そして、スポーツの季節になり、プロ野球放送、つい最近ではバレーボールのオリンピック最終予選と、毎日どこかのテレビ局で、夜のゴールデンと言われる時間帯でスポーツ中継をしている。 そのスポーツ中継を観ていて違和感を覚えるようになって何年位になるのだろうか。また名古屋ドームへ行く気がしなくなってどの位になるのだろうか。
何故、アナウンサーは、バレーの日本代表選手が全て世界のトップのような形容詞を付けて絶叫し続けるのか。あれでは解説者はいらない。球場(サッカー場も含む)では、試合の展開に関係なく、音楽、手拍子等が続けられている。

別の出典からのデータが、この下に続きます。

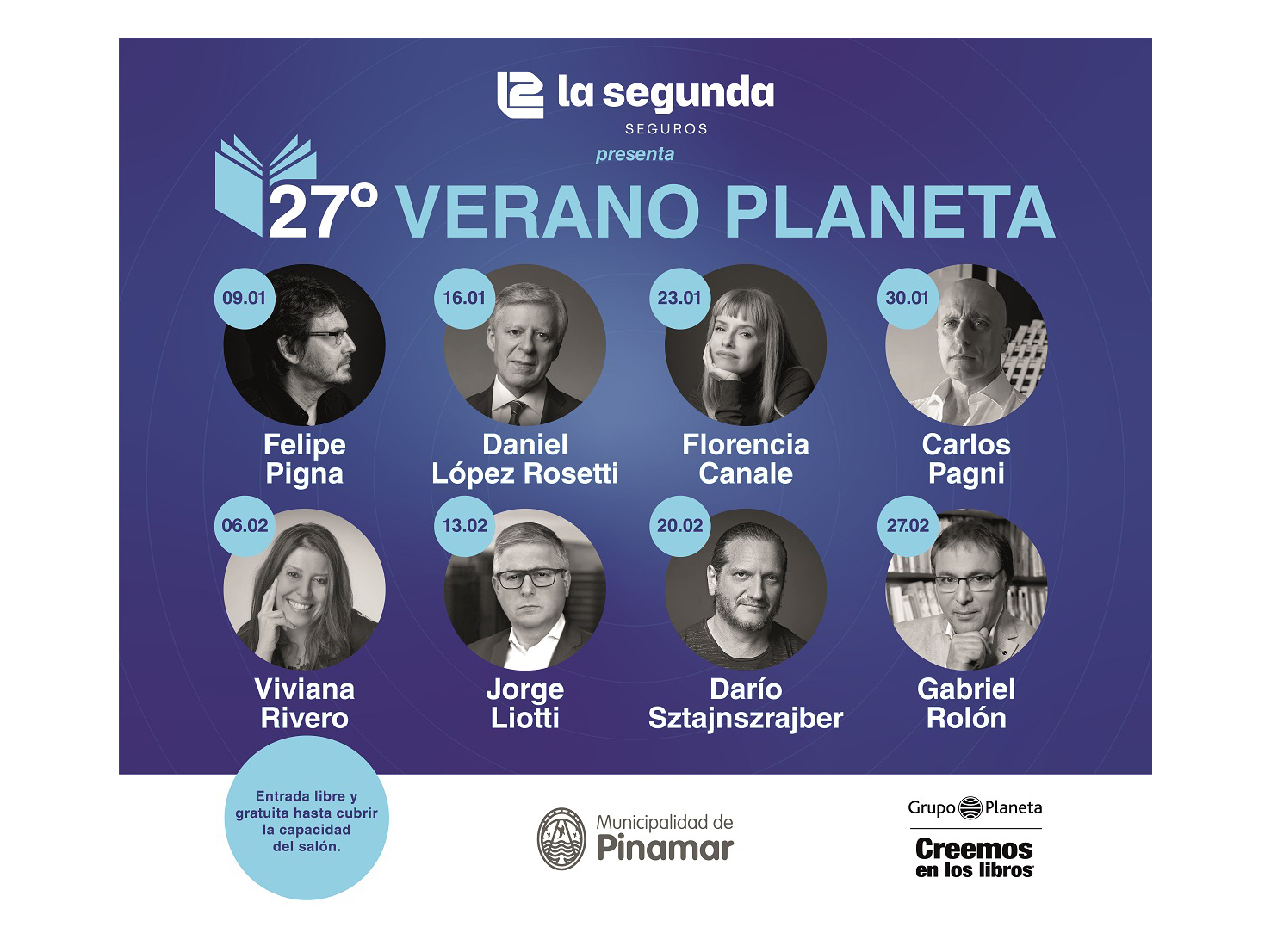 La agenda de enero se completa con la presencia de los autores Daniel López Rosetti, Florencia Canale y Carlos Pagni. Ellos presentarán sus últimos trabajos editoriales. López Rosetti llega con “La Gioconda y Leonardo”, una historia de ciencia, arte y amor. Canale presentará “El Diablo”, la vida de Bernardo de Monteagudo, “el hombre prohibido, el héroe imposible”. Y en la última charla de enero llegará el reconocido periodista Carlos Pagni con “El nudo”, una radiografía minuciosa del conurbano bonaerense.

今の若い人達にとっては、それがあたり前のことなのだろうか。
野球で言うならば、緊張した場面での一球一打を見守る静寂さとその後の歓声、または、キャッチャーミットに「バシ」と投球を捕るミットの音など、最近見たことも聞いたこともない。そこには、展開を推理したりする創造力、緊迫感もなければ、まして臨場感もない。
テレビで言えば、アナウンサー自身の身勝手な押し付けを聞かされ続けるだけである。
私は、体育会の経験はないので、わからないが、選手自身もそれで満足なのだろうか。
テレビ局の都合だと推測するが、スポーツをここまでバラエティー番組化したショーにしてよいのだろうか。
真に、アスリートとして極めようと厳しい練習を重ねている選手達は、このような現況に、本当に本望・満足と思っているのか。 若い人達もこれが当然と支持しているのか。
私の同年輩の人達には、結構賛同者が多いのだが。 アスリートと、運営される興業との良識的な線引きが必要ではないか。
今まで述べてきたことも、アスリートをチャカしているようで一人で怒っている私であるが、こと会社のことでは怒っているだけでは解決しない。
会社の中でも、若い人達が、過半数を占めるようになって来ている中、価値観・考え方を、どう整合性をとり、健全な組織体として運営していかなければならず常に頭を悩ます毎日である。
自分を、あまりにも全面に出してくる現代、誰のために、何のために、関係者に、第三者にどう影響するのか、どう見られるのか、それは真実なのか、押し付けではないのかなど、周囲との調和を計ることを、理解し納得して貰わないといけない社会になってしまった。
自分を常に一歩下がって、これでいいのか、常に見つめ直さないと、独り善がりの押し売りになってしまう。時には、諦めも必要か。
中身のない雑感になって申し訳ありません。
今後ともよろしくお願い致します。